+++ DATA EXTRACT +++

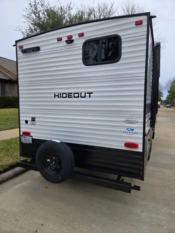 2025 Keystone Hideout Sport 240BH – Family-Friendly Adventure Awaits!Experience the great outdoors in comfort with the 2025 Keystone Hideout Sport 240BH. Designed for families, festivals, tailgates, and road trips, this trailer sleeps up to 8 people and is ideal for weekend getaways, national park explorations, or attending your favorite events. With a lightweight design and dual axle for easy towing by half-ton trucks or larger SUVs, it’s perfect for your next adventure.Why Rent This RV? The Hideout Sport 240BH offers the perfect balance of comfort, convenience, and stability. It features a spacious living area, fully equipped kitchen, and a full bathroom, ensuring everyone enjoys the journey. The dual axle and weight-stabilizing hitch make towing easier and smoother. We also offer optional amenities like bedding, cookware, and camping essentials, so you can focus on having fun without the hassle of packing everything yourself.Key Features:Sleeps 8: Queen bed, double bunk beds, convertible dinette, and sleeper sofa Fully Equipped Kitchen: 3-burner stove, microwave/air fryer, fridge Full Bathroom: Shower, toilet, vanity Entertainment: Bluetooth stereo system, flat-screen TV Climate Control: Air conditioning and heating Ease of Towing: Dual axle, weight-stabilizing hitch, towable by half-ton trucks or larger SUVs Weight Capacity: 2,020 lbs cargo carrying capacity Ample Storage: Inside and out for all your gearIncluded Amenities:Bedding and linens Towels and washcloths Kitchen cookware 4 Camp chairs Outdoor rug Freshwater hose and water filter Toiletries (shampoo, conditioner, soap, toilet paper) Basic cleaning suppliesSee ADD ONS for Extra Gear You May Need or Want:Brake Controller (Available for rent if needed) Outdoor table Portable Blackstone griddle Slant leg awning Additional blankets and pillows Additional camping chairs Portable outdoor heater Generator Extra coolerAdditional Info:Weight: 4,800 lbs Length: 28 ft Freshwater Tank: 44 gallons Brake Controller Requirements: Required for towing. Available for rent if needed. Delivery Available: Let us bring the RV to your preferred location for an additional fee. Book your next family adventure, festival, or tailgate today with the 2025 Keystone Hideout Sport 240BH!What's included• Included Amenities:Bedding and linens Towels and washcloths Kitchen cookware 4 Camp chairs Outdoor rug Freshwater hose and water filter Toiletries (shampoo, conditioner, soap, toilet paper) Basic cleaning suppliesOther things to noteNo Smoking is allowed in the trailer. Smoking inside will result in forfeiture of full deposit due to the extensive cleaning needed. We do charge a late fee of $35 an hour, if prior arrangements have not been provided. If you are going to be late due to unforeseen circumstances, as long as you keep in touch with us, no fees will be charged.
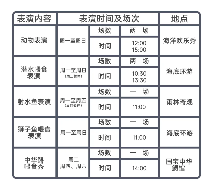 贴心附上表演时间表,记得提前前往
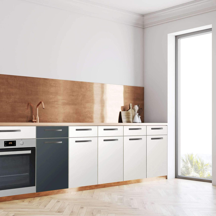 Unsere Küchenfolie Blaugrau Dark (40cm Breite - entspricht der Breite von 1 Tür) für den Unterschrank ist der Blickfang in jeder Küche. Die Küchenfolien sind hochwertige, selbsthaftende Vinylfolien (seidenmatt) und können auf das gewünschte Mass zugeschnitten werden – je nachdem ob die Türkante umklebt werden soll oder nicht.
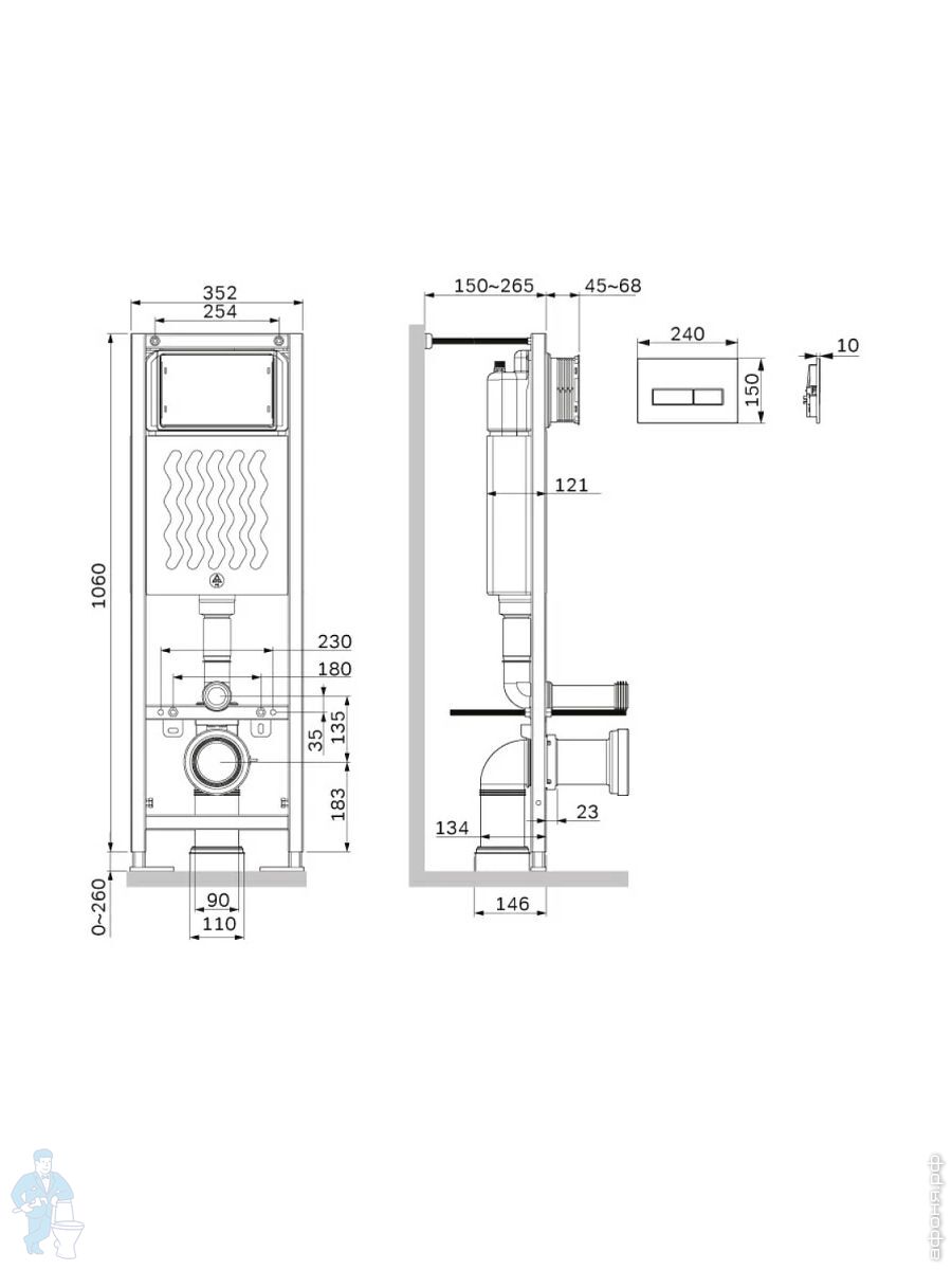 Максимально полный комплект поставки, включающий все необходимые крепления, патрубки и звукоизолирующую прокладку. Экономия пространства благодаря узкой раме - 352 мм шириной. Подходит даже для самых малогабаритных ванных комнат. Заливной клапан с низким уровнем шума - Класс II, согласно европейского стандарта EN 14124. Выдерживает нагрузку до 400 кг. Подходит для унитазов любых размеров. Высокая прочность и износостойкость. Увеличенная толщина профиля, двойные прокладки слива и подачи воды. Подключение воды сзади сверху.

+++

Repeat the data word for word, minus any pictures.

 2025 Keystone Hideout Sport 240BH – Family-Friendly Adventure Awaits!Experience the great outdoors in comfort with the 2025 Keystone Hideout Sport 240BH. Designed for families, festivals, tailgates, and road trips, this trailer sleeps up to 8 people and is ideal for weekend getaways, national park explorations, or attending your favorite events. With a lightweight design and dual axle for easy towing by half-ton trucks or larger SUVs, it’s perfect for your next adventure.Why Rent This RV? The Hideout Sport 240BH offers the perfect balance of comfort, convenience, and stability. It features a spacious living area, fully equipped kitchen, and a full bathroom, ensuring everyone enjoys the journey. The dual axle and weight-stabilizing hitch make towing easier and smoother. We also offer optional amenities like bedding, cookware, and camping essentials, so you can focus on having fun without the hassle of packing everything yourself.Key Features:Sleeps 8: Queen bed, double bunk beds, convertible dinette, and sleeper sofa Fully Equipped Kitchen: 3-burner stove, microwave/air fryer, fridge Full Bathroom: Shower, toilet, vanity Entertainment: Bluetooth stereo system, flat-screen TV Climate Control: Air conditioning and heating Ease of Towing: Dual axle, weight-stabilizing hitch, towable by half-ton trucks or larger SUVs Weight Capacity: 2,020 lbs cargo carrying capacity Ample Storage: Inside and out for all your gearIncluded Amenities:Bedding and linens Towels and washcloths Kitchen cookware 4 Camp chairs Outdoor rug Freshwater hose and water filter Toiletries (shampoo, conditioner, soap, toilet paper) Basic cleaning suppliesSee ADD ONS for Extra Gear You May Need or Want:Brake Controller (Available for rent if needed) Outdoor table Portable Blackstone griddle Slant leg awning Additional blankets and pillows Additional camping chairs Portable outdoor heater Generator Extra coolerAdditional Info:Weight: 4,800 lbs Length: 28 ft Freshwater Tank: 44 gallons Brake Controller Requirements: Required for towing. Available for rent if needed. Delivery Available: Let us bring the RV to your preferred location for an additional fee. Book your next family adventure, festival, or tailgate today with the 2025 Keystone Hideout Sport 240BH!What's included• Included Amenities:Bedding and linens Towels and washcloths Kitchen cookware 4 Camp chairs Outdoor rug Freshwater hose and water filter Toiletries (shampoo, conditioner, soap, toilet paper) Basic cleaning suppliesOther things to noteNo Smoking is allowed in the trailer. Smoking inside will result in forfeiture of full deposit due to the extensive cleaning needed. We do charge a late fee of $35 an hour, if prior arrangements have not been provided. If you are going to be late due to unforeseen circumstances, as long as you keep in touch with us, no fees will be charged.
 贴心附上表演时间表,记得提前前往
 Unsere Küchenfolie Blaugrau Dark (40cm Breite - entspricht der Breite von 1 Tür) für den Unterschrank ist der Blickfang in jeder Küche. Die Küchenfolien sind hochwertige, selbsthaftende Vinylfolien (seidenmatt) und können auf das gewünschte Mass zugeschnitten werden – je nachdem ob die Türkante umklebt werden soll oder nicht.
 Максимально полный комплект поставки, включающий все необходимые крепления, патрубки и звукоизолирующую прокладку. Экономия пространства благодаря узкой раме - 352 мм шириной. Подходит даже для самых малогабаритных ванных комнат. Заливной клапан с низким уровнем шума - Класс II, согласно европейского стандарта EN 14124. Выдерживает нагрузку до 400 кг. Подходит для унитазов любых размеров. Высокая прочность и износостойкость. Увеличенная толщина профиля, двойные прокладки слива и подачи воды. Подключение воды сзади сверху.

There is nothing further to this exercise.